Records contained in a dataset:
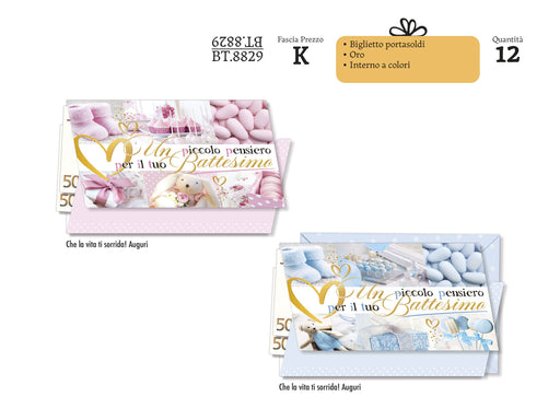 CROMO BIGLIETTI BATTESIMO PORTASOLDI BT.8829- Conf da 12
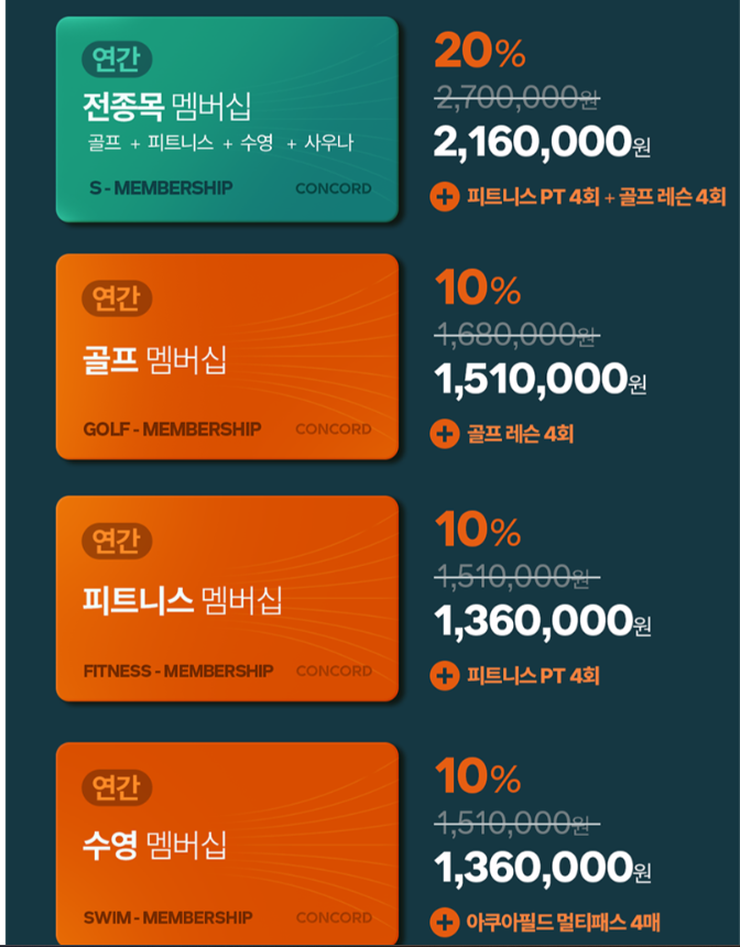 스타필드 수원 콩코드 홈페이지에 설명한 것과 같이 피트니스, 골프, 수영, 사우나 시설을 갖춘 ALL-INCLUSIVE FITNESS 클럽이 콩코드 (CONCORD) 입니다. 팀 콩코드와 메타버스 GX, 바디 케어까지 디테일한 시스템으로 더 멋진 몸을 넘어 더 멋진 삶을 누릴 수 있는 프리미엄 피트니스 클럽입니다.
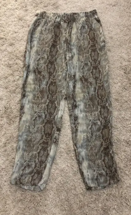 Padrisimo pantalón estilo palazzo en snake print. Lindo pantalón tipo palazzo, es súper cómodo , tiene jareta para ajustarse al frente , tela con bastante caída , moderno y fácil de llevar con sandalias o bien , zapato alto.
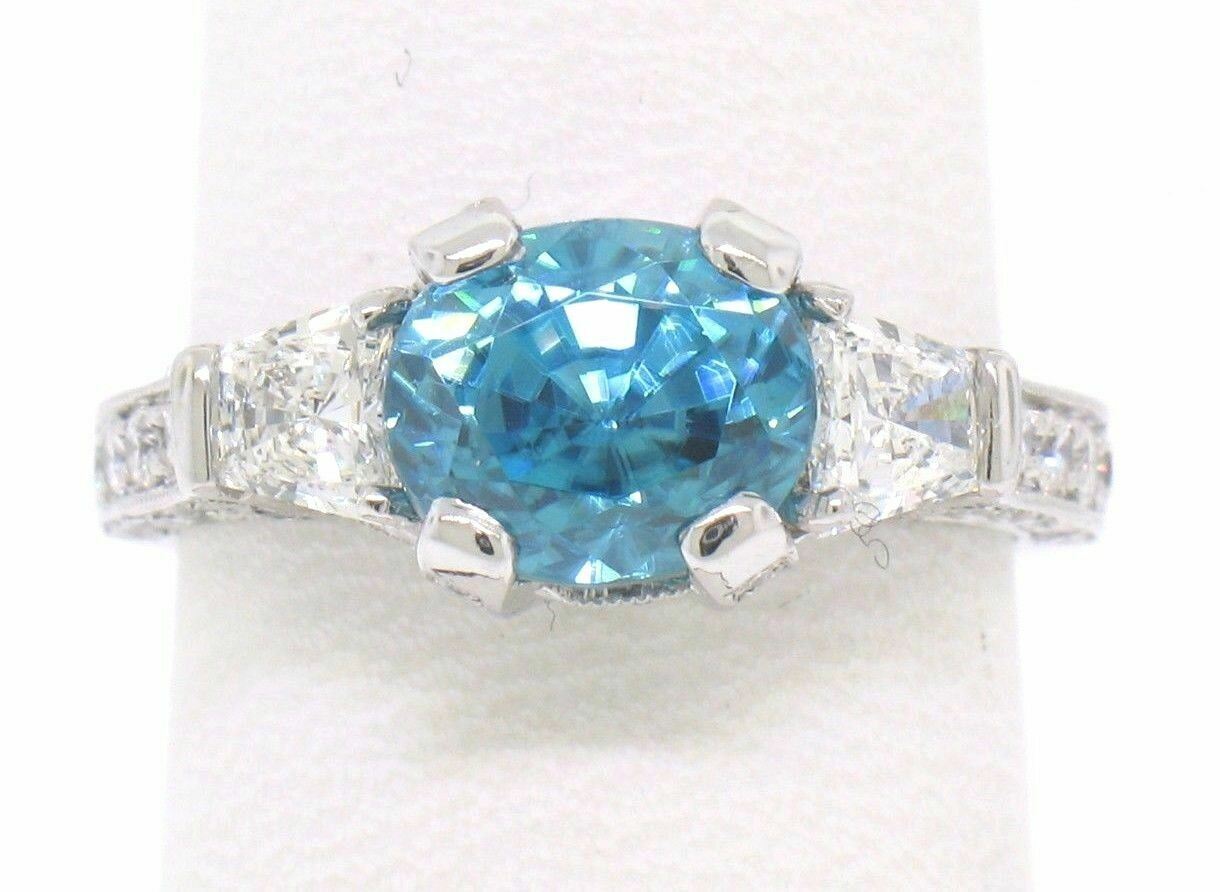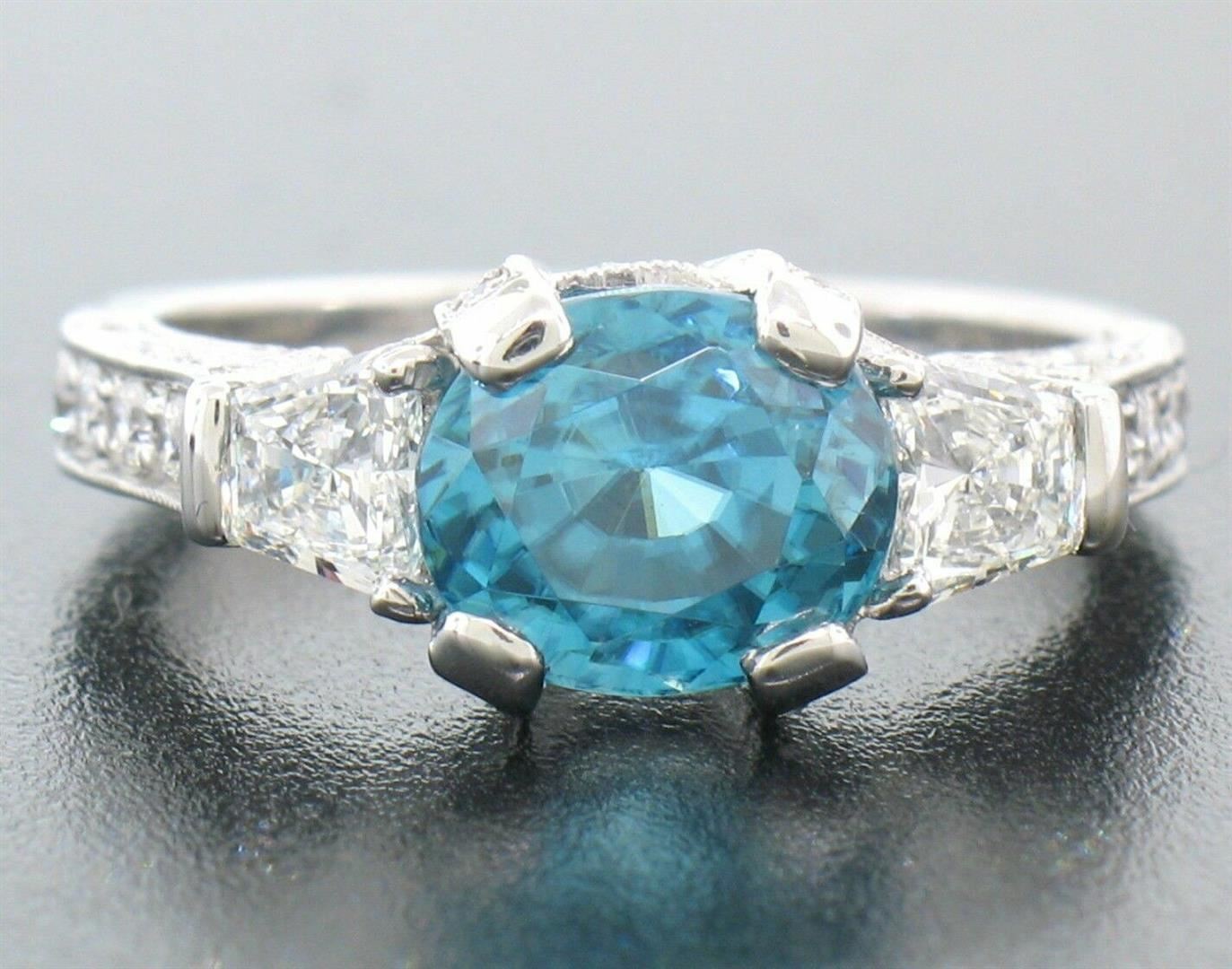 A new solid 18k white gold solitaire ring, featuring 1 oval brilliant cut natural blue zircon (8.0x6.60mm - 2.50ct), accented with 74 round brilliant cut natural diamonds (F/G-VS1/VS2; 0.59ctw ), and 2 trapezoidal cut natural diamonds (F/G- VS1/VS2; 0.82ctw). The ring is size 6.0, weighs a total of 5.20 grams, and measures 15.80mm wide.
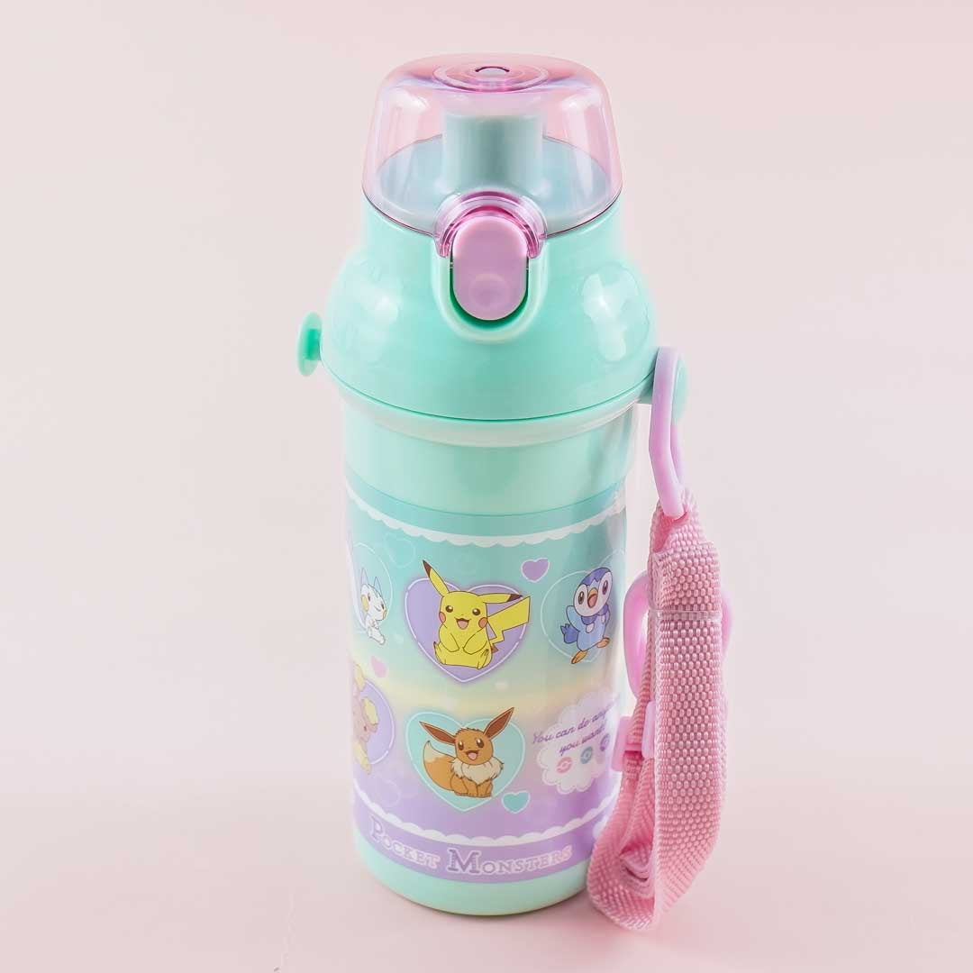 Keep yourself hydrated on your trip by bringing along this cute water bottle. It's covered in prints of Pokemon with heart backgrounds! This bottle is made of antibacterial material containing silver ions. You can drink it straight up thanks to its direct and wide mouthpiece underneath its one-push cap. Carry it around using its removable and adjustable shoulder strap! Don't forget to clean it in the dishwasher after using.
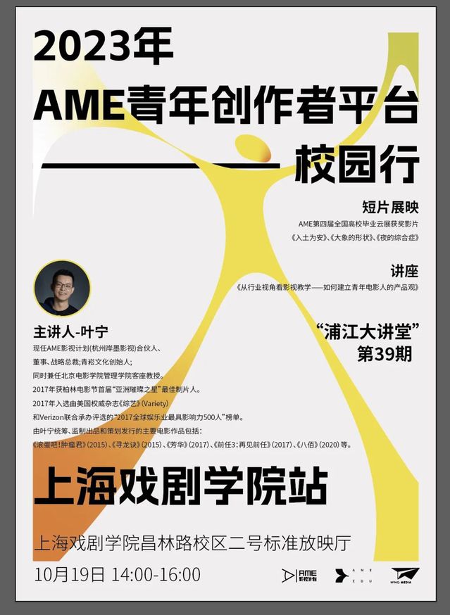 在此大形势之下,伟德国际bevictor荣幸邀请到现任AME影视计划(杭州岸墨影视)合伙人、董事、战略总裁;青崧文化创始人;兼任北京伟德国际bevictor管理公司客座教授叶宁,为上戏师生针对目前中国电影市场发展情况与趋势进行介绍与讲解。
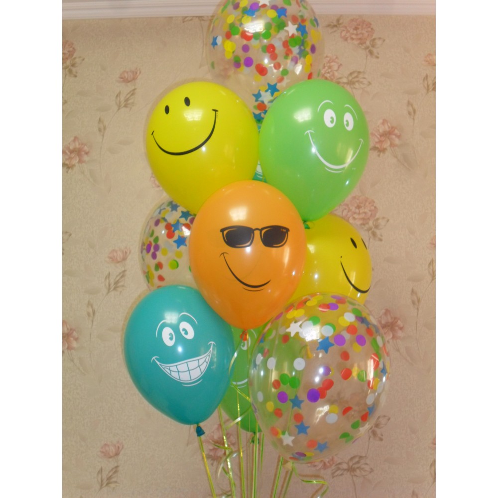 Гелієві кульки "Веселі смайли 2" — фонтан із повітряних кульок для святкових моментів!Подаруйте яскр..
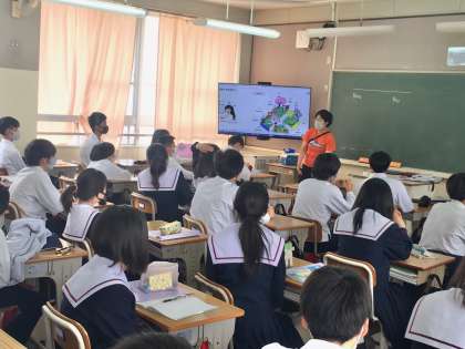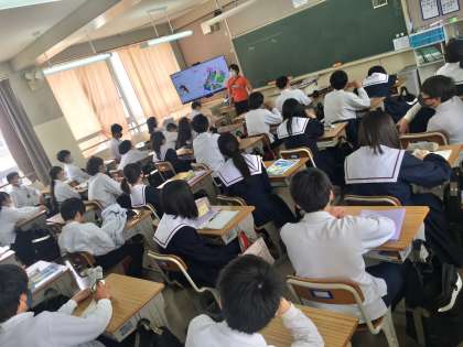 2年生の英語の授業では、Small Talkが取り入れられています。教員と生徒、または生徒と生徒で双方向による英語でコミュニケーションをする場面が見られています。
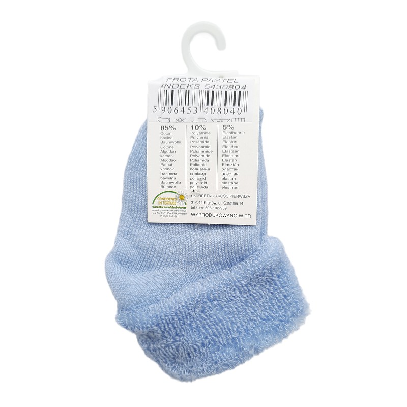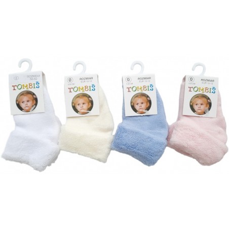 Skarpetki Tombiś wykonane z wysokiej jakości frotte, wywijane, jednokolorowe, bezuciskowe- idealne skarpetki dla noworodka.
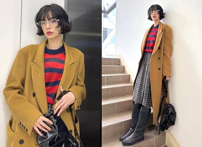 특히 유니크한 블랙 롱부츠와 핸드백은 룩의 균형을 잡아주는 동시에 도시적인 분위기를 더했으며, 나나 특유의 시크한 헤어와 투명한 안경은 독보적인 개성을 강조했습니다.
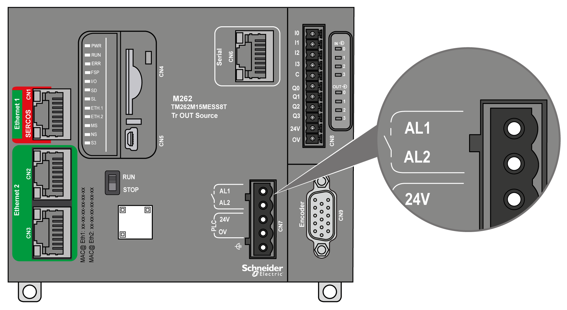 The M262 Logic/Motion Controller has integrated relay connections that can be wired to an external alarm:
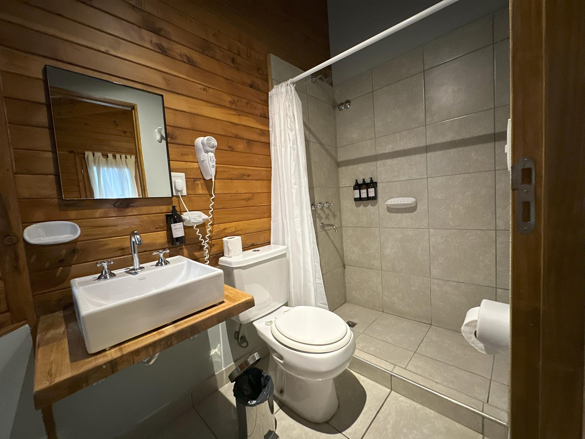 Ubicada en un sector tranquilo, a solo 80 metros del edificio principal, ofrece privacidad y un entorno natural junto al jardín. La habitación dispone de armario, calefacción y caja de seguridad. Puede configurarse con una cama doble o dos camas individuales. Incluye TV LED, wifi de alta velocidad, y baño privado completo con toallas, secador de pelo y amenities. El acceso es mediante escalera.
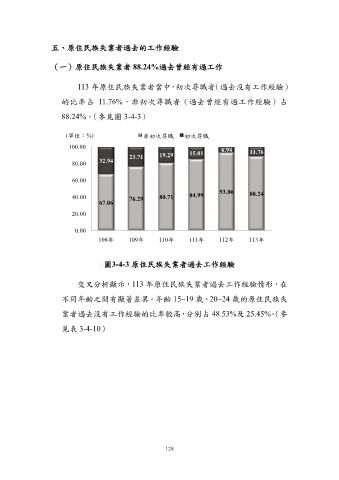 113 年原住民族失業者當中,初次尋職者(過去沒有工作經驗)
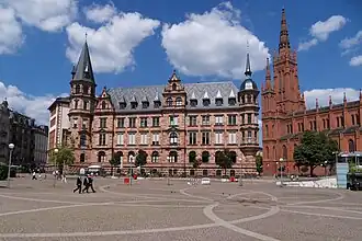 The New Town Hall (German: Neues Rathaus) is a town hall on the Schlossplatz in Wiesbaden, Hesse, Germany. It hosts the city government including the city council, offices of the mayors and part of the administration. It was built between 1884 and 1887 by Georg von Hauberrisser in a Renaissance Revival architecture style. The basement is almost completely occupied by a restaurant called Ratskeller.
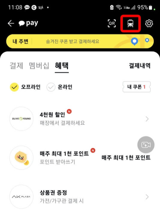 ◆ pay - 결제 - 상단의 지하철 모양을 눌러주세요.

→ **TASK INSTRUCTIONS**
The answer is the lines above from the one with "특히 유니크한 블랙 롱부츠와" to the one with "113 年原住民族失業者當中,初次尋職者(過去沒有工作經驗)", set down exactly, with no pictures.

→ **RESPONSE BELOW**
 특히 유니크한 블랙 롱부츠와 핸드백은 룩의 균형을 잡아주는 동시에 도시적인 분위기를 더했으며, 나나 특유의 시크한 헤어와 투명한 안경은 독보적인 개성을 강조했습니다.
 The M262 Logic/Motion Controller has integrated relay connections that can be wired to an external alarm:
 Ubicada en un sector tranquilo, a solo 80 metros del edificio principal, ofrece privacidad y un entorno natural junto al jardín. La habitación dispone de armario, calefacción y caja de seguridad. Puede configurarse con una cama doble o dos camas individuales. Incluye TV LED, wifi de alta velocidad, y baño privado completo con toallas, secador de pelo y amenities. El acceso es mediante escalera.
 113 年原住民族失業者當中,初次尋職者(過去沒有工作經驗)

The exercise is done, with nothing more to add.